Suppressions de postes dans l'Éducation : les syndicats dénoncent une dégradation visible et appellent à la grève
Éducation : les syndicats dénoncent les suppressions de postes et appellent à la grève

Les syndicats de l'Éducation nationale sonnent l'alarme face aux effets dévastateurs des suppressions de postes

Une intersyndicale regroupant la FSU, l'Unsa, la CFDT, la CGT et SUD a lancé un appel urgent à amplifier la mobilisation contre les réductions d'effectifs dans l'enseignement. Dans un communiqué commun diffusé vendredi, les organisations dénoncent avec vigueur les choix budgétaires du gouvernement qu'elles jugent responsables d'une dégradation accélérée du service public d'éducation.

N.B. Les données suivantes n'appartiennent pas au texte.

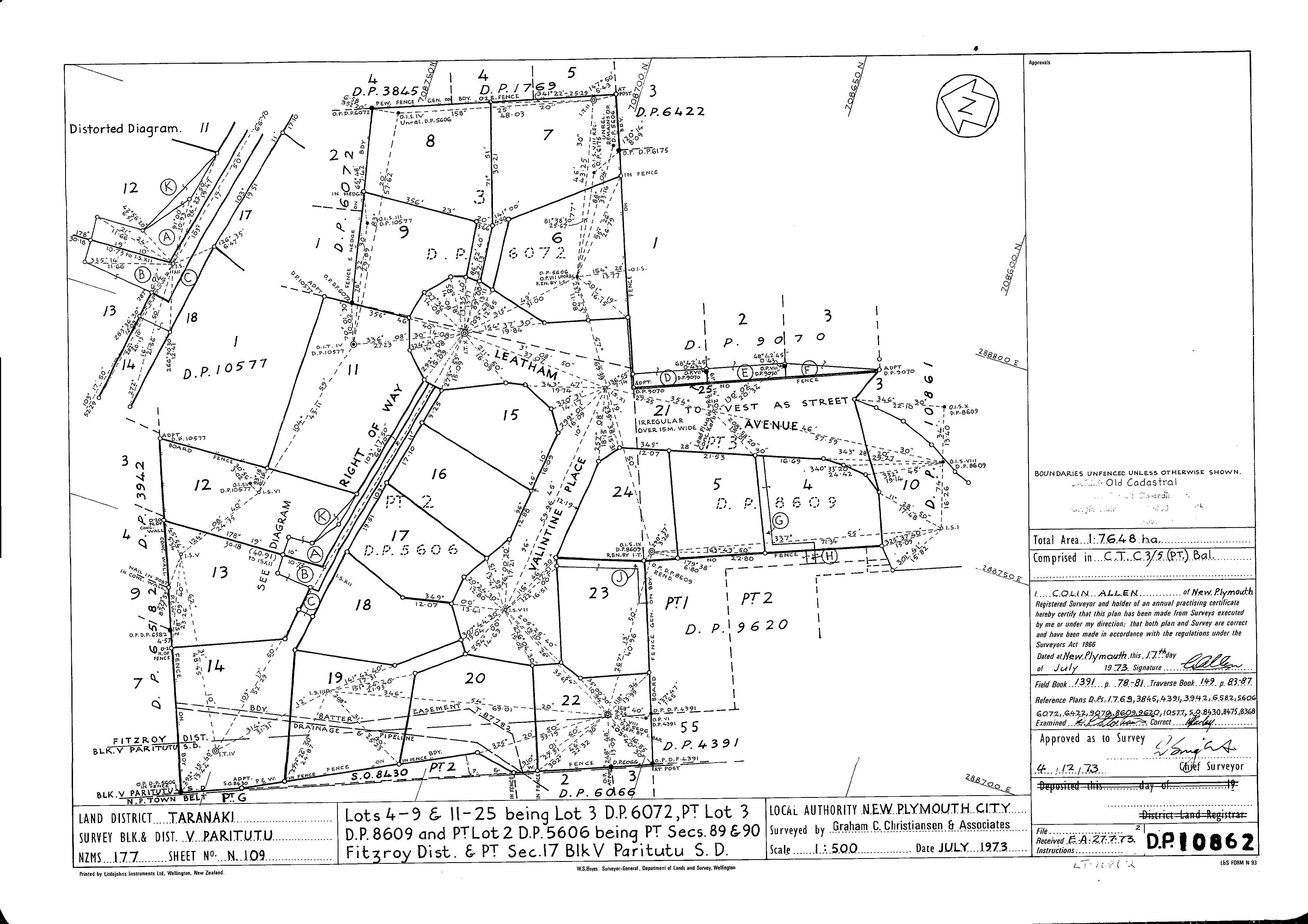 Taranaki DP10862 Sheet 1 (1973), ICS Pre 300,000 Cadastral Plan Index (Imaged by LINZ)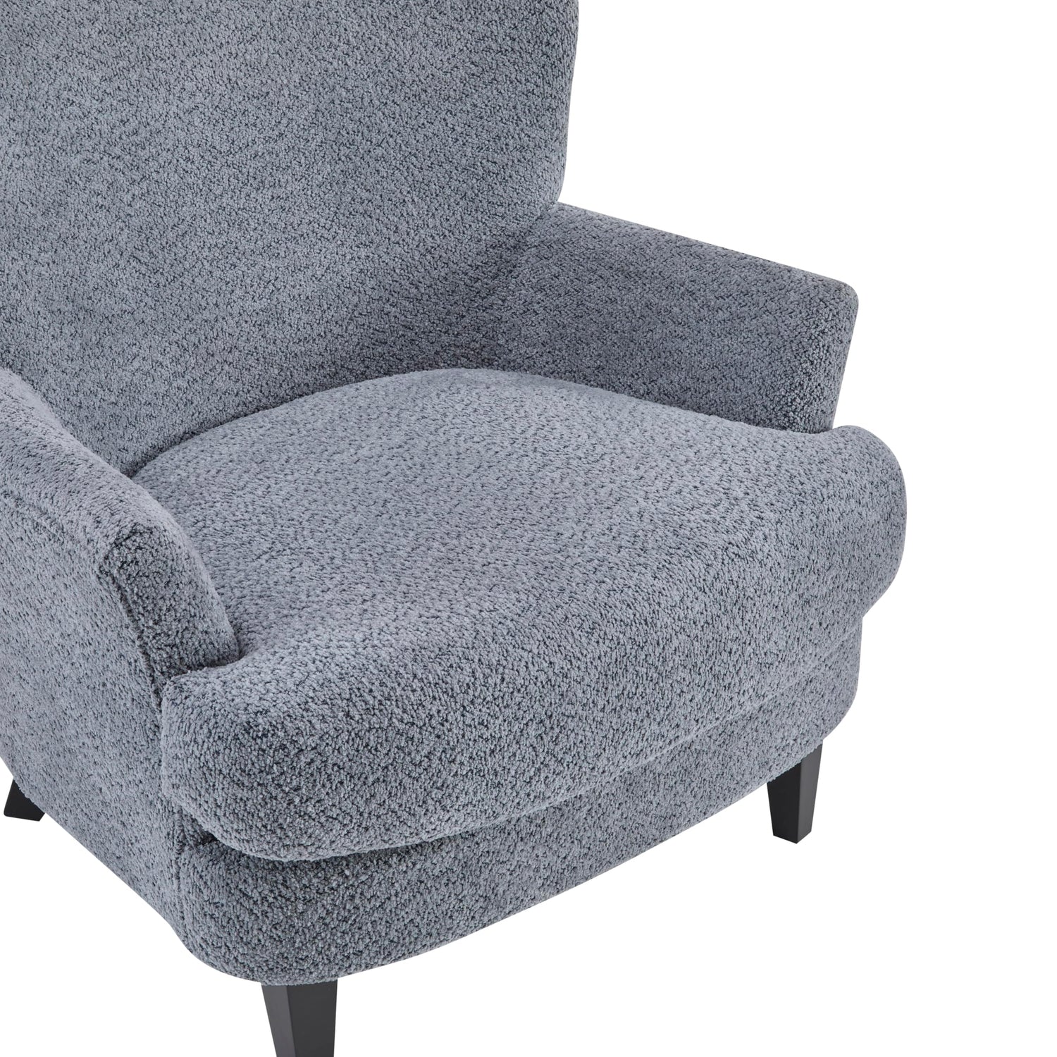 - Comfy Reading Chair with Bouclé Fabric Upholstery: Wrapped in luxurious bouclé fabric, both the chair and ottoman offer a soft, inviting texture that enhances comfort while adding a modern aesthetic. The plush, nubby feel of the fabric elevates the overall design, creating a stylish and cozy addition to any contemporary or classic living room

Des conséquences déjà palpables dans les collèges et lycées

Les syndicats pointent du doigt des effets immédiatement visibles dans le second degré :

  • Des classes de plus en plus chargées avec des effectifs élèves en hausse
  • Une réduction significative de l'offre de formation disponible
  • Des vies scolaires qualifiées d'« asphyxiées » par le manque de moyens humains et matériels

Dans le premier degré, la situation s'annonce tout aussi préoccupante. Avec l'ouverture prochaine des cartes scolaires après les élections municipales, les organisations anticipent des milliers de fermetures de classes dans les écoles maternelles et élémentaires à travers le pays.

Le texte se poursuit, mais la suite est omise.